Don’t use Protobuf for Telemetry

Protobuf needs no introduction, but this post argues that you shouldn’t use it for telemetry. The basic premise of this post is that a good telemetry library needs to be lightweight to avoid perturbing the application; inefficient diagnostic tools are self-defeating. Unlike other formats, nested Protobuf messages cannot be written contiguously into a stream without significant buffering. The post doesn’t argue to never use Protobuf, but that the trade-off made by the wire-format itself, as opposed to any existing implementation, is unlikely to work for lightweight message senders.
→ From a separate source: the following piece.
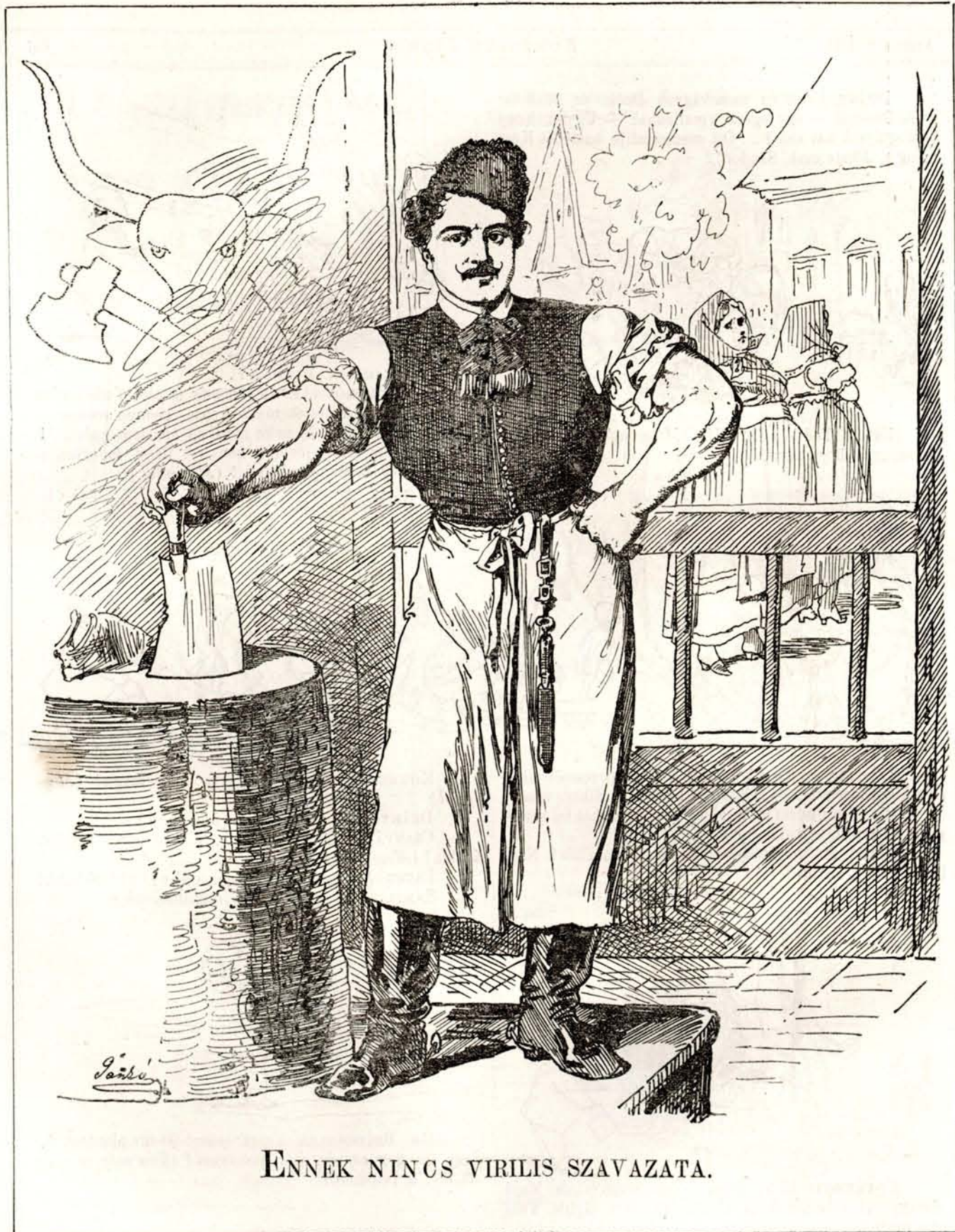
ENNEK NINC S VIRILIS SZAVAZATA.

Protobuf-java is a little heavy

A few months ago I needed to become familiar with the Protobuf wire-format for a proof of concept. The motivation for digging in to the wire-format, rather than just using protobuf-java, was the dimensions of the library, which I would need to bundle in an agent:

$ stat -c %s protobuf-java-3.14.0.jar
1672950

$ jar -tf protobuf-java-3.14.0.jar | grep '.class' | wc -l
669

Just depending on the library adds 1.6MB and nearly 700 classes before you even generate your own message classes. Since the deployment in question was an agent which can’t assume the presence of protobuf-java at runtime, there is no way to avoid bundling the extra 1.6MB. Since the aforementioned agent implements ClassLoader isolation to avoid interfering with application class loading, even if protobuf-java is present at runtime, the classes would need to be loaded again by an isolated ClassLoader.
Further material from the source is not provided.